For a rolling review, the regulator begins evaluation in sub-fields such as preclinical, clinical, toxicology, and standard test methods as soon as it receives data from a drugmaker, rather than starting the review after receiving all the required data.

After leading pharmaceutical firms obtained approval for Covid-19 vaccines, others used a comparative clinical trial. This is because it is almost impossible to conduct a placebo-controlled trial due to ethical issues after a certain vaccine’s efficacy is disclosed or a vaccine is authorized.

A comparative clinical trial can reduce costs and time because the number of participants can be lowered from tens of thousands to thousands. However, while it solved the problem of massive recruitment when the vaccination rate was high, it also faced the problem of securing a controlled vaccine when the vaccine supply was in shortage during the Covid-19 pandemic.

AstraZeneca, Moderna, and Pfizer used placebo groups in their vaccine trials.
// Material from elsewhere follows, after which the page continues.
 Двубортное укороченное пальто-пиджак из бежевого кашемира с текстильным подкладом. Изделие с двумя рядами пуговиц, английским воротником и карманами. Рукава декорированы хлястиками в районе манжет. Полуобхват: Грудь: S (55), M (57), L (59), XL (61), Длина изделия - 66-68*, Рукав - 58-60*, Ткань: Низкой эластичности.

However, France’s Valneva obtained approval for a phase 3 comparative trial of VLA2001, using AstraZeneca’s vaccine as a control vaccine in April 2021. Then, the company won the EU’s marketing approval on June 24, 2021.
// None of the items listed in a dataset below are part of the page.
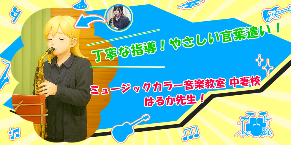 ミュージックカラー音楽教室中妻校には、子ども用のカリキュラムがありますので、幼稚園年長くらいからサックスのレッスンができます!
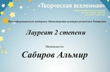 Поздравляем Сабирова Альмира, учащегося по классу вокала с победой - Лауреат II степени Международного многожанрового заочного конкурса талантов для детей и взрослых "Творческая Вселенная", при информационной поддержке Министерства Культуры Республики Татарстан, преподаватель Сибгатуллина Елена Илларионовна, г. Тюмень, апрель 2021 года.
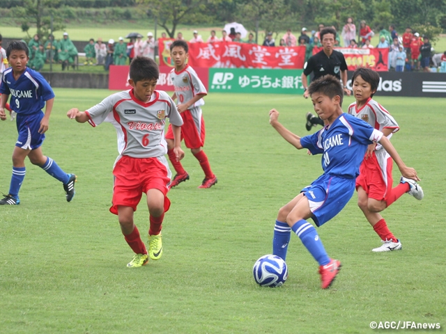 2組で3位につけていた田宮ビクトリーサッカー少年団(徳島)は、同組首位のACジュニオール(宮城)と対戦しました。少ないタッチでボールをつなぎ、前半のうちに先制。24分に追いつかれましたが、その2分後に西野太陽選手が勝ち越しゴールを決め、2次ラウンド進出をつかみ取りました。
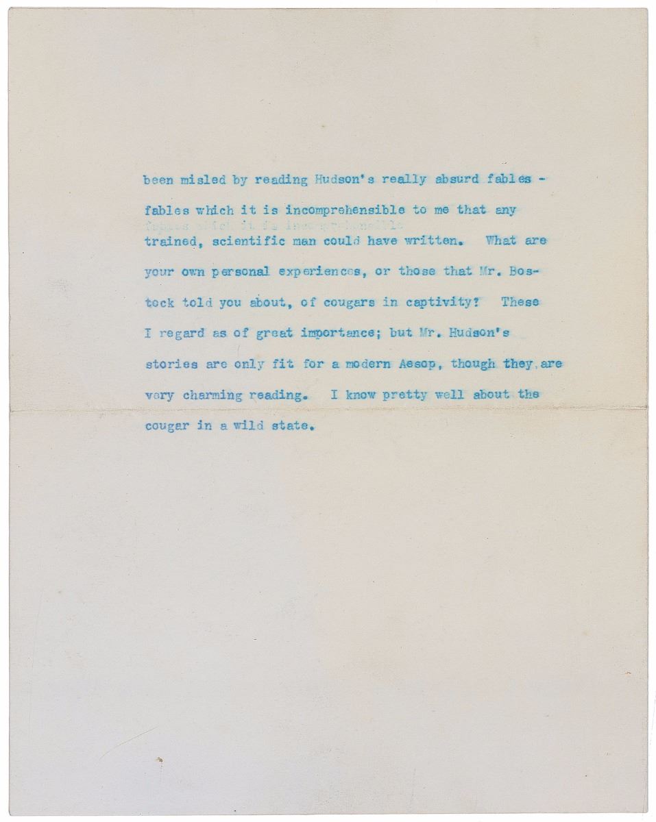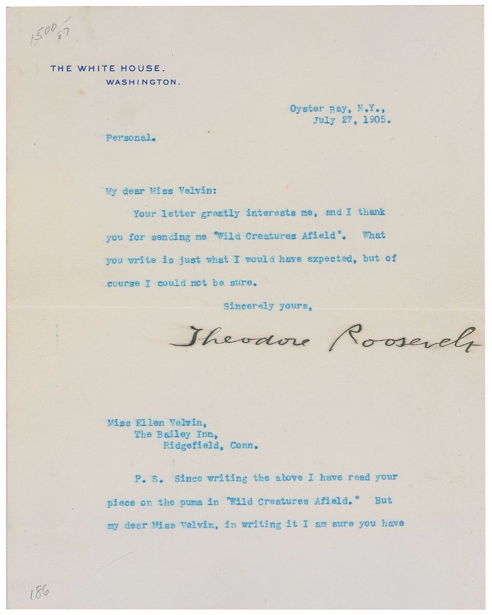 TLS as president, two pages on two adjoining sheets, 7 x 8.75, White House letterhead, July 27, 1905. Letter to Ellen Velvin. In part: “I have read your piece on the puma in ‘Wild Creatures Afield.’ But my dear Miss Velvin, in writing it I am sure you have been misled by reading Hudson’s really absurd fables—fables which it is incomprehensible to me that any trained, scientific man would have written. What are your own personal experiences, or those that Mr. Bostock told you about, of cougars in captivity? These I regard as of great importance; but Mr. Hudson’s stories are fit for a modern Aesop, though they are very charming reading. I know very well about the cougar in a wild state.” In fine condition, with light soiling and faint feathering to ink. One of Roosevelt’s famed hunting exploits came in Colorado in 1901, when, helped by his hunting dogs, he killed a cougar with a knife. Wonderful content revealing Roosevelt’s passion for big game.

SK Bioscience also conducted a phase 3 comparative trial and scored the nod for SKYCovione from the Ministry of Food and Drug Safety on June 29.

In light of these examples, to develop a vaccine rapidly, it is necessary to apply an adaptive clinical design, develop the vaccine’s efficacy evaluation indicators early, and build a global clinical trial network, the KHIDI said.

“To prepare for a future pandemic, we should build a stable vaccine R&D infrastructure with a long-term perspective,” the KHIDI said. “Excellent studies should get the government’s research grants on a large scale. In addition, the government should thoroughly manage the research procedure to achieve good outcomes.”

The KHIDI also noted that the nation should strengthen the weak areas in vaccine development by building the capacity to identify pathogens and disease characteristics early, come up with a strategy to recruit clinical trial participants, and establish a platform to share information on benefit-risk measures.

“It is necessary to establish a strategic system, along with nurturing experts so that innovative trial methods such as adaptive studies, practical trials, and simulation research could be revitalized in Korea,” it said.